Furthermore, the cost model can be extended to count “nearby” memory accesses as free. That is, if I read a byte at memory address x and then I read a byte at memory address x+1, I can assume that the second byte comes “for free”.

This naive memory-access model is often sensible. However, you should always keep in mind that it is merely a model. A model can fail to predict real performance.

How might it fail? A CPU core can issue multiple memory requests at once. So if I need to access 7 memory locations at once, I can issue 7 memory requests and wait for them. It it is likely that waiting for 7 memory requests is slower than waiting for a single memory request, but is it likely to be 7 times slower?

The latest Apple laptop processor, the M1, has apparently a lot of memory-level parallelism. It looks like a single core has about 28 levels of memory parallelism, and possibly more.

Such a high degree of memory-level parallelism makes it less likely that our naive random-memory model applies.

To test it out, I designed the following benchmark where I compare three functions. The first one just grabs pairs of randomly selected bytes and it computes a bitwise XOR between them before adding them to a counter:

  for(size_t i = 0; i < 2*M; i+= 2) {
    answer += array[random[i]] ^ array[random[i + 1]];
  }

We compare against a 3-wise version of this function:

  for(size_t i = 0; i < 3*M; i+= 3) {
    answer += array[random[i]] ^ array[random[i + 1]] 
              ^ array[random[i + 2]];
  }

Our naive memory-access cost model predicts that the second function should be 50% more expensive. However many other models (such as a simple instruction count) would also predict a 50% overhead.

To give our naive memory-access model a run for its money, let us throw in a 2-wise version that also accesses nearby values (with one-byte offset):

  for(size_t i = 0; i < 2*M; i+= 2) {
    int idx1 = random[i];
    int idx2 = random[i + 1];
    
    answer += array[idx1] ^ array[idx1 + 1] 
           ^ array[idx2]  ^ array[idx2 + 1];
  }

Our naive memory-access cost model would predict that first and last function should have about the same running time while the second function should be 50% more expensive.

Let us measure it out.
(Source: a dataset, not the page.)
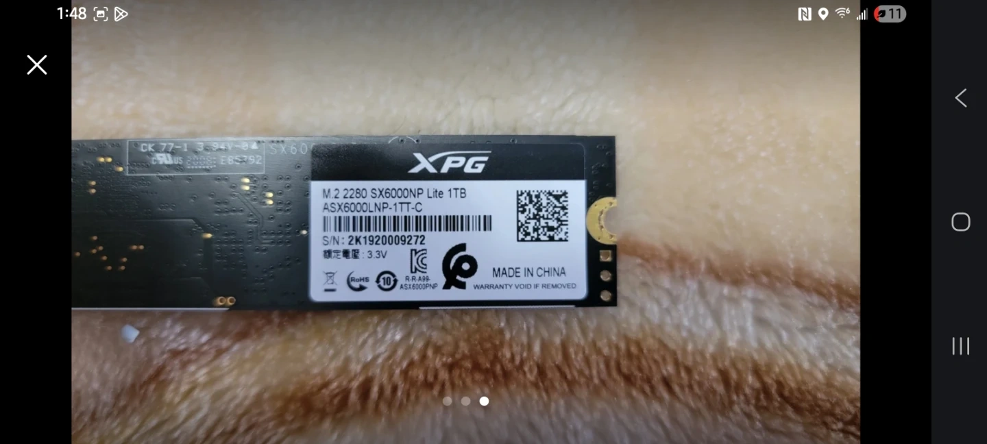 This is an XPG SX6000NP Lite 1TB NVMe M.2 SSD. It's a compact drive for fast storage. It's rated for DC 3.3V 2A.

I use a 1GB array and I report the average time spent in nanosecond on each iteration.

2-wise 8.9 ns
3-wise 13.0 ns
2-wise + 12.5 ns

At first glance, our naive memory-access model is validated: the 3-wise function is 46% more expensive than the 2-wise function. Yet we should not be surprised because most reasonable models would make such a prediction since in almost every way, the function does 50% more work.

It is more interesting to compare the two 2-wise function… the last one is 40% more expensive than the first 2-wise function. It contradicts our prediction. And so, at least in this instance, our simple memory-access cost model fails us on the Apple M1 processor.

Notes:

  1. My source code is available. The run-to-run variability is relatively high on such a test, but the conclusion is robust, on my Apple M1 system.
  2. I posted the assembly online.
  3. Importantly, I do not predict that other systems will follow the same pattern. Please do not run this benchmark on your non-M1 PC and expect comparable results.
  4. This benchmark is meant to be run on an Apple MacBook with the M1 processor, compiled with Apple’s clang compiler. It is not meant to be used on other systems.